Crime & Gun Control

Rethinking Spousal Abuse Laws

Some legal experts are warning that spousal abuse laws are having unintended consequences. Prosecutors are going after husbands who may only have tried to restrain their wives during a domestic dispute. And some law enforcement authorities say the laws force them to prosecute, even if a wife takes her husband's side and refuses to file charges.

Moreover, research shows that spousal abuse is far less common than activists for battered women contend.

  • Data from the Justice Department and the Centers for Disease Control and Prevention suggest that less than 1 percent of women's emergency-room visits are due to assaults by male partners.

  • About ten times as many women are injured in auto accidents as are victims of spousal abuse.

  • Pamphlets distributed by family violence programs stress that one doesn't have to be hit to be abused and broaden the definition of abuse to include "calling you names," "criticizing you for small things," or "making you feel bad about yourself."

  • Many states and jurisdictions now mandate arrests in cases of domestic disputes.

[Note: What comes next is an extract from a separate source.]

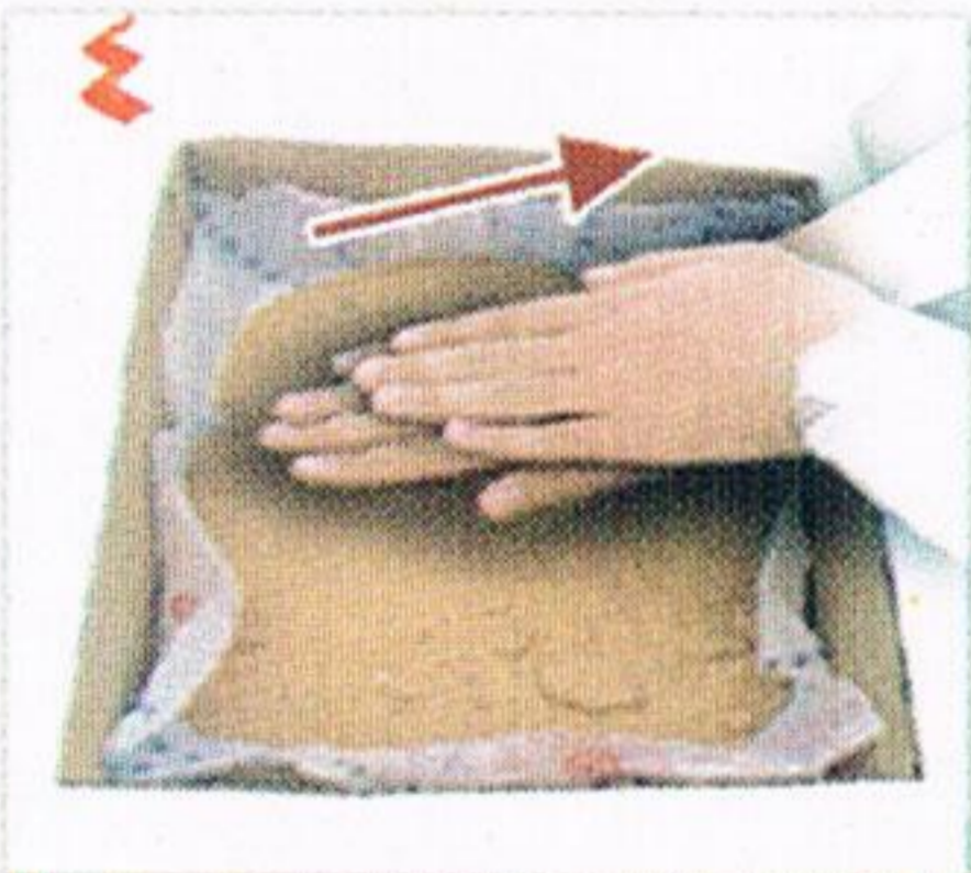
يمسح المريض بيده اليسرى على يده اليمنى

A former prosecutor in Hamilton County, Ohio, estimates that a state law requiring police responding to a domestic call either to make an arrest or file a report why no arrest was made increased his docket of domestic cases from 10 percent to 40 percent of all cases. He says that push-and-shove cases and yelling matches are making criminals out of otherwise law-abiding citizens.

Mandatory arrest laws have also led to a rise in the number of women being arrested for domestic assault. In some states, women now account for one-quarter of all such arrests.

In Massachusetts, less than half of the 60,000 restraining orders issued in domestic abuse cases annually involve an allegation of physical abuse.